I explicitly added Kotlin source directories with build-helper-maven-plugin:

<plugin>
    <groupId>org.codehaus.mojo</groupId>
    <artifactId>build-helper-maven-plugin</artifactId>
    <version>3.6.1</version>
    <executions>
        <execution>
            <id>add-kotlin-sources</id>
            <phase>generate-sources</phase>
            <goals>
                <goal>add-source</goal>
            </goals>
            <configuration>
                <sources>
                    <source>src/main/kotlin</source>
                </sources>
            </configuration>
        </execution>
        <execution>
            <id>add-kotlin-test-sources</id>
            <phase>generate-test-sources</phase>
            <goals>
                <goal>add-test-source</goal>
            </goals>
            <configuration>
                <sources>
                    <source>src/test/kotlin</source>
                </sources>
            </configuration>
        </execution>
    </executions>
</plugin>

Without that, the VS Code Java importer may compile through Maven but still fail to treat Kotlin folders as part of the project model.

Depending on your setup, you can either rely on the Kotlin Maven plugin’s <extensions>true</extensions> support, or explicitly add Kotlin source roots with build-helper-maven-plugin. I used the explicit approach because I wanted the VS Code Java importer to see the source roots clearly.

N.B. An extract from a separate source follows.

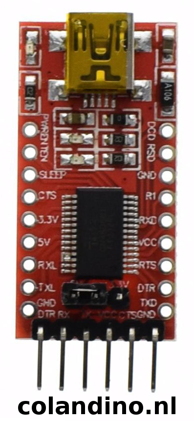 de FT232R is een USB naar seriële UART interface

Keep Java version configuration consistent

There was an issue with the version drift between tools that caused huge confusion.

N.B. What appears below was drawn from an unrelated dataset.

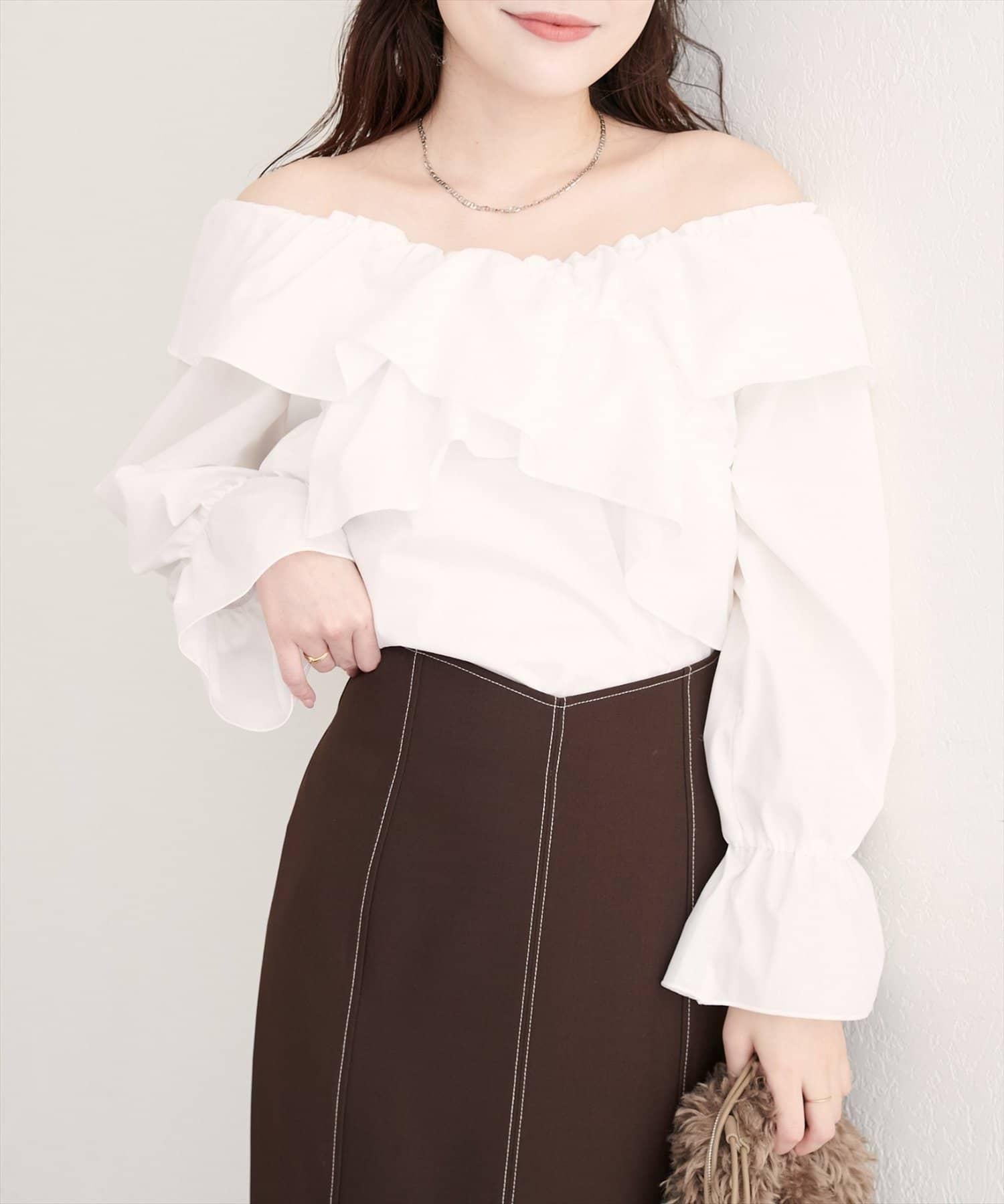 肩部看起來乾淨漂亮,營造出寬鬆、成熟、可愛的氛圍。

In a mixed project, keep all of these aligned:

  • root Maven java.version
  • module compiler settings
  • maven.compiler.release
  • maven.compiler.source
  • maven.compiler.target
  • Kotlin jvmTarget
  • CI Java version
  • the JDK used by VS Code Java language server

When changing Java/Kotlin boundaries or Java levels, this workflow helps:

  1. Run Java: Clean Java Language Server Workspace
  2. Run Java: Reload Projects
  3. Run Developer: Reload Window

Practical recommendations for Java/Kotlin boundaries

Here is the rule set I would use for a team working with Java + Kotlin in VS Code:

Use Java for:

  • service interfaces consumed by Java
  • utility classes used via Java static imports
  • data types imported widely by Java
  • boundaries between major packages when editor stability matters

Use Kotlin for:

  • implementations behind Java interfaces
  • internal domain logic
  • Kotlin-first flows
  • code not heavily imported by Java callers

Avoid when possible:

  • Java importing Kotlin top-level functions through SomethingKt
  • Java depending directly on Kotlin concrete classes
  • tiny Kotlin utility classes used mostly by Java files

The principle that worked best for interop

The most useful mental model from this debugging session was:

Use Java as the contract language, Kotlin as the implementation language.

That keeps:

  • Kotlin in the application
  • Java happy in VS Code
  • Maven configuration straightforward
  • Spring wiring natural

And most importantly, it reduces the gap between "the project builds" and "the editor understands the project".

Closing thought

This was not proof that "Java and Kotlin do not mix".

It was a project-boundary problem.

Once the Java-facing contracts were made explicit and the Maven/Kotlin source roots were declared clearly, the project became much easier for VS Code to understand.

If your team wants Kotlin in a Java-heavy Spring application, you do not need to convert everything. You just need to choose the boundaries carefully.